- _Record set_:
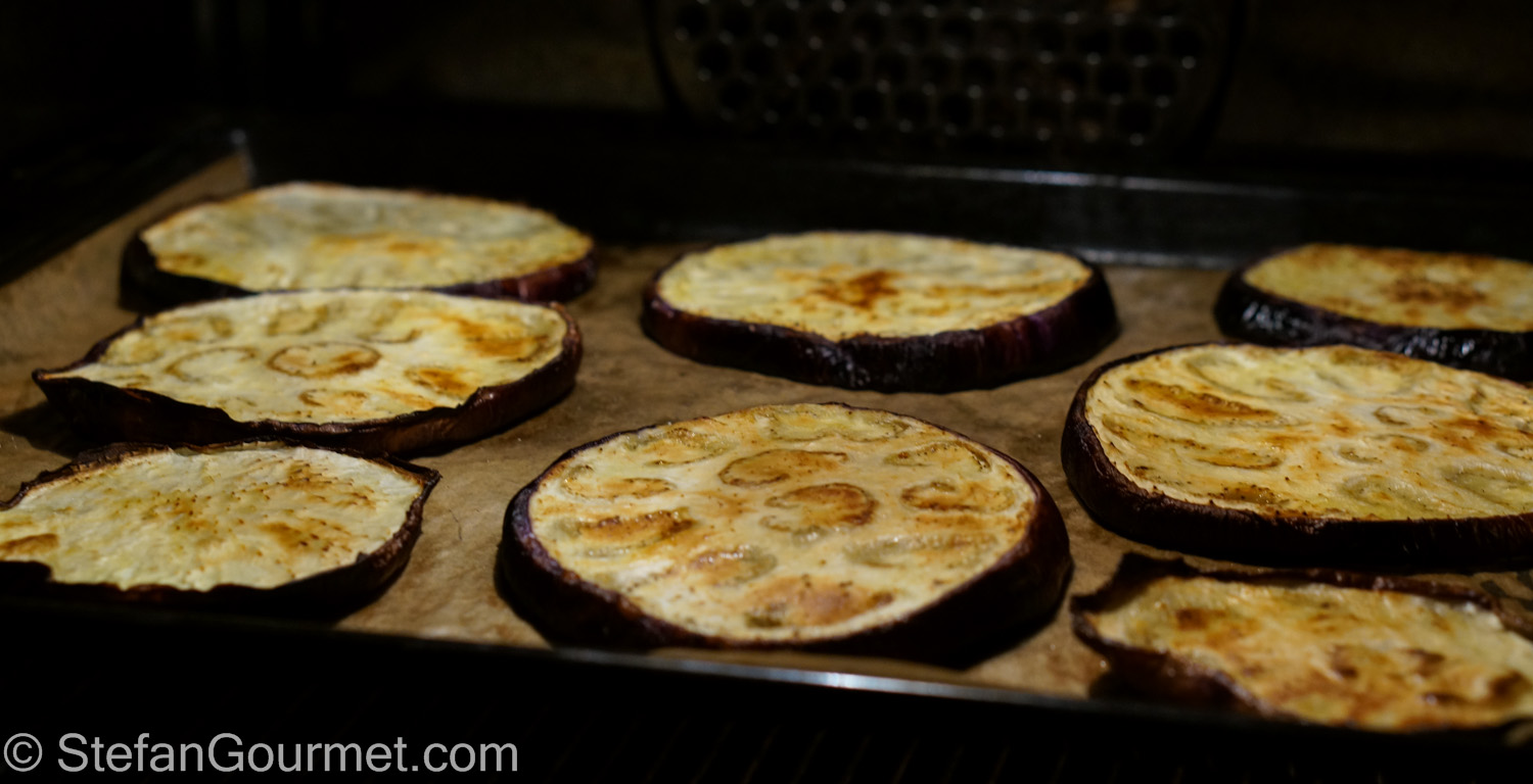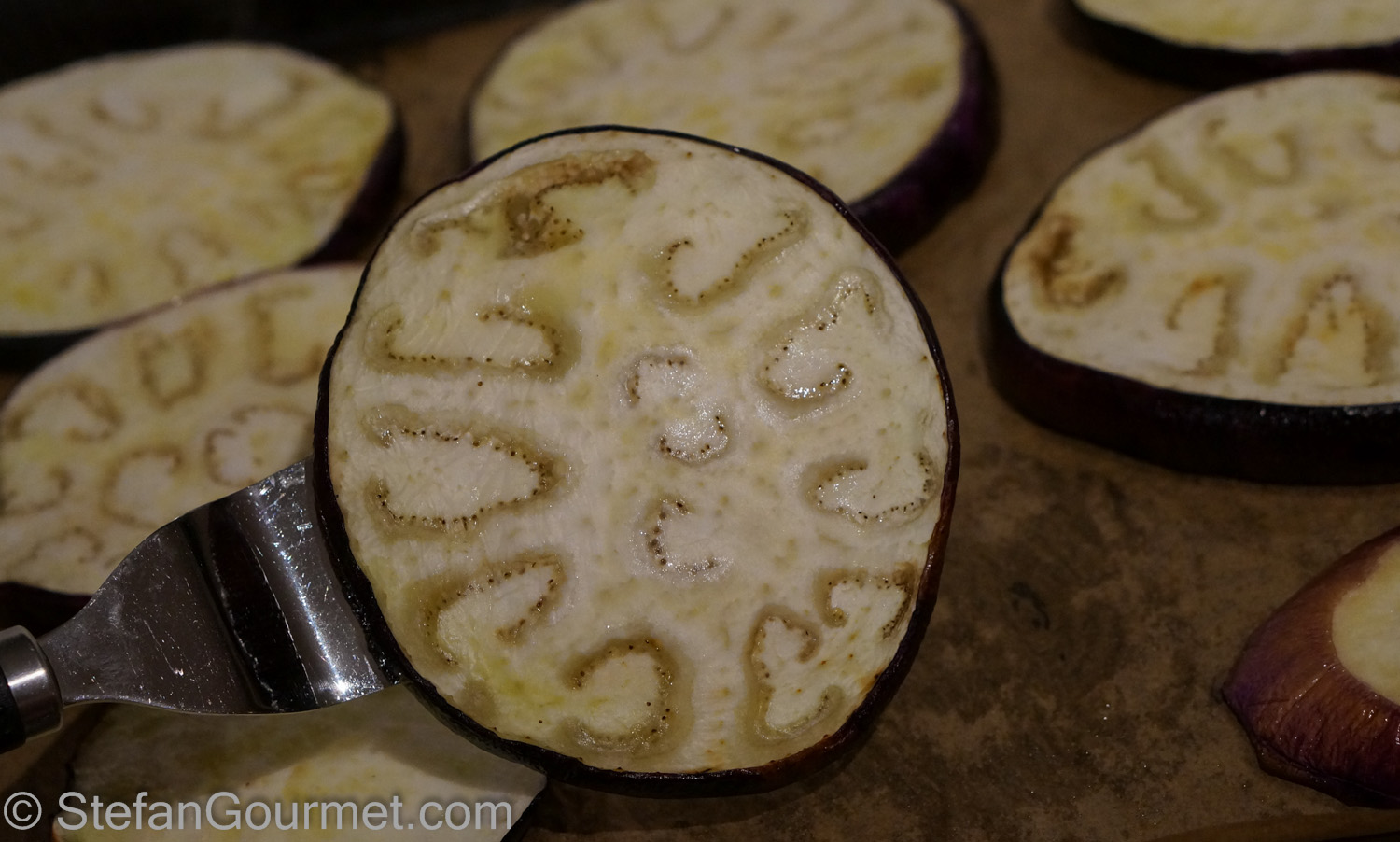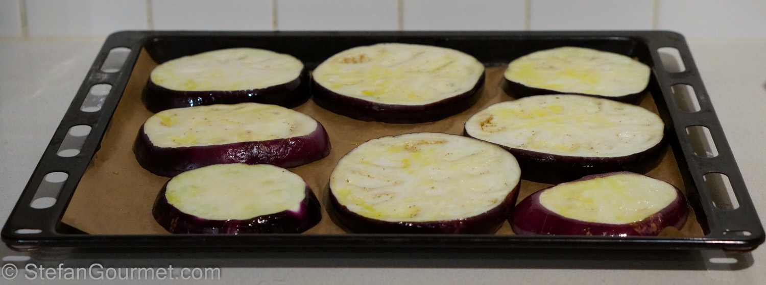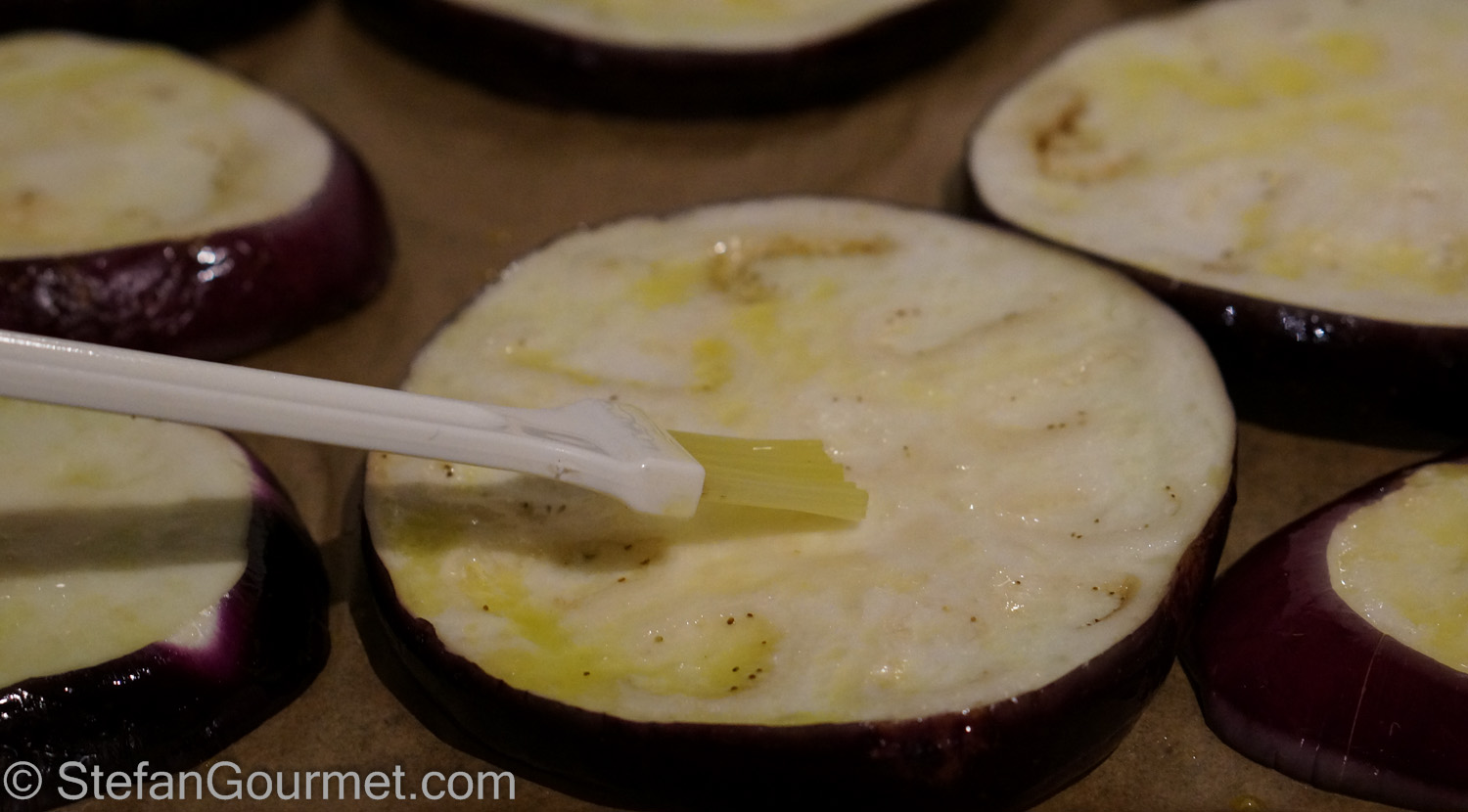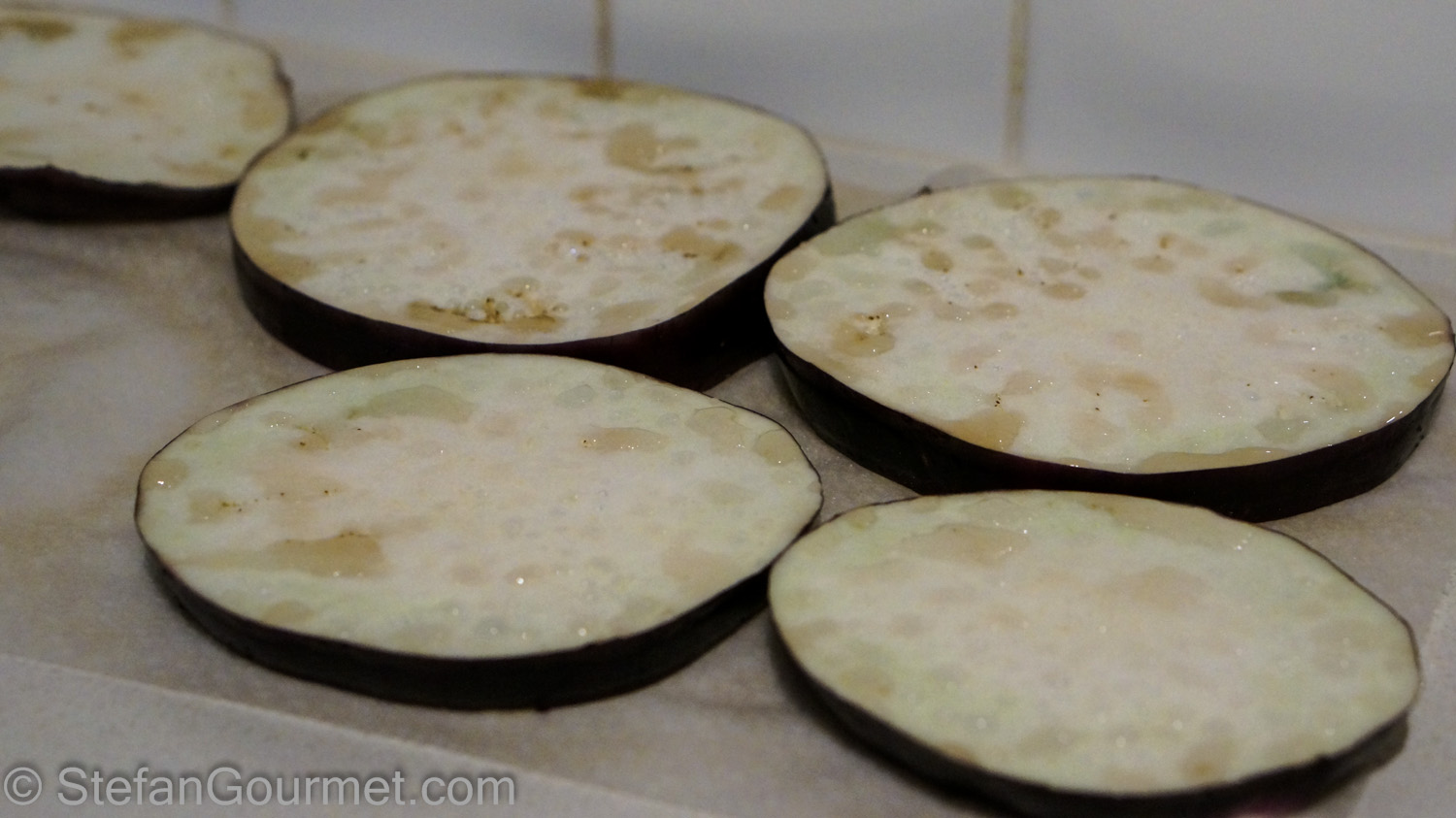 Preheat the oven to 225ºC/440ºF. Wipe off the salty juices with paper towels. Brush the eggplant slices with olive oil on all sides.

---

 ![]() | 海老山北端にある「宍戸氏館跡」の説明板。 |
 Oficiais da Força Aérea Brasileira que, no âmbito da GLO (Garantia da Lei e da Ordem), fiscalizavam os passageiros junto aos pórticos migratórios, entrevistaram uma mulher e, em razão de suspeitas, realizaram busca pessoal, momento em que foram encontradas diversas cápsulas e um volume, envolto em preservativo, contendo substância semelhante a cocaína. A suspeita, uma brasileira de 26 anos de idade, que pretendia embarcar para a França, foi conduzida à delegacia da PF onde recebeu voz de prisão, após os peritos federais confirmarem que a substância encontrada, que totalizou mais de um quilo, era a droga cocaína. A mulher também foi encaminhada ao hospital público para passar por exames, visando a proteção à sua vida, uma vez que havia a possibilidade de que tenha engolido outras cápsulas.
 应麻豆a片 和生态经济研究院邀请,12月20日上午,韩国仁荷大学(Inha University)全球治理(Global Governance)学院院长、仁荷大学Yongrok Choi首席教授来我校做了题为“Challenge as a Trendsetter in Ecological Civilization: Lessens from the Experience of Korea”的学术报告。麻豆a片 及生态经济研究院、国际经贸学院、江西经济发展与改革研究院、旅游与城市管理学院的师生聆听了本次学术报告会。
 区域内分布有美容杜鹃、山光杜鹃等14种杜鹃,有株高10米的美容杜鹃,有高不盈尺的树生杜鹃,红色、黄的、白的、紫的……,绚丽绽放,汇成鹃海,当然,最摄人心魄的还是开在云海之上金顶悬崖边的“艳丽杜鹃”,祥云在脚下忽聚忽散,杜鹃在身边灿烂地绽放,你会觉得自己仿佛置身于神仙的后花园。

...

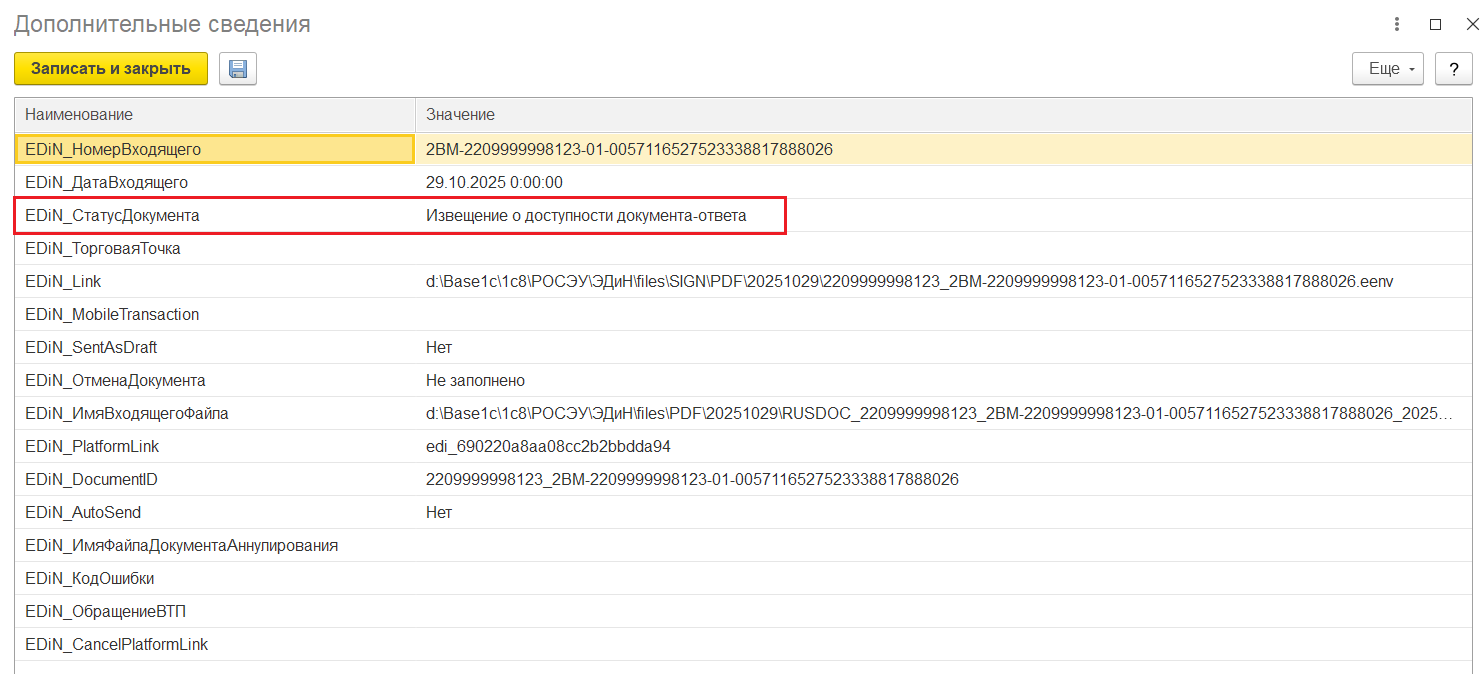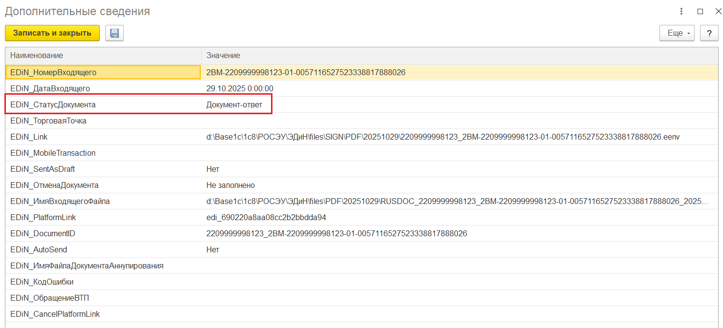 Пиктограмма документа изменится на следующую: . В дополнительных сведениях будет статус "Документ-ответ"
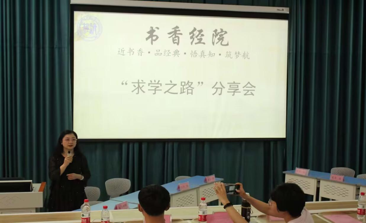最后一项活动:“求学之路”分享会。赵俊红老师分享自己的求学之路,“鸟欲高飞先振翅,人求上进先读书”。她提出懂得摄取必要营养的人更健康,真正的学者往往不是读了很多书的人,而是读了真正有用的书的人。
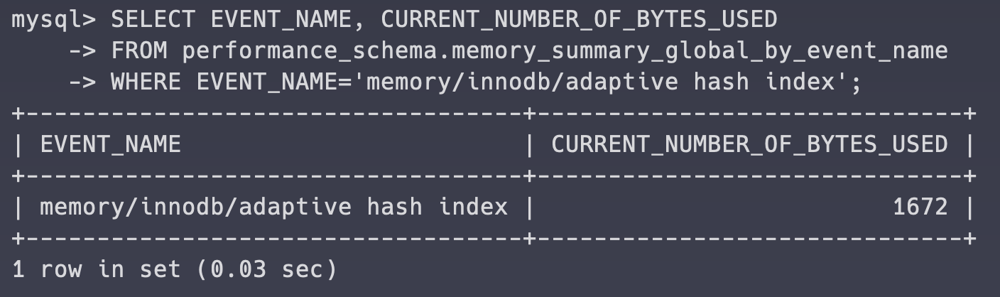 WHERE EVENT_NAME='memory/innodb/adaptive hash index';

- _Problem_:
Reproduce exactly the stretch of the material above that starts at the line with "应麻豆a片 和生态经济研究院邀请,12月20日上午,韩国仁荷大学(Inha University)全球治理(Global" and ends at the line with "区域内分布有美容杜鹃、山光杜", both included, and nothing else.

- _Written answer_:
 应麻豆a片 和生态经济研究院邀请,12月20日上午,韩国仁荷大学(Inha University)全球治理(Global Governance)学院院长、仁荷大学Yongrok Choi首席教授来我校做了题为“Challenge as a Trendsetter in Ecological Civilization: Lessens from the Experience of Korea”的学术报告。麻豆a片 及生态经济研究院、国际经贸学院、江西经济发展与改革研究院、旅游与城市管理学院的师生聆听了本次学术报告会。
 区域内分布有美容杜鹃、山光杜鹃等14种杜鹃,有株高10米的美容杜鹃,有高不盈尺的树生杜鹃,红色、黄的、白的、紫的……,绚丽绽放,汇成鹃海,当然,最摄人心魄的还是开在云海之上金顶悬崖边的“艳丽杜鹃”,祥云在脚下忽聚忽散,杜鹃在身边灿烂地绽放,你会觉得自己仿佛置身于神仙的后花园。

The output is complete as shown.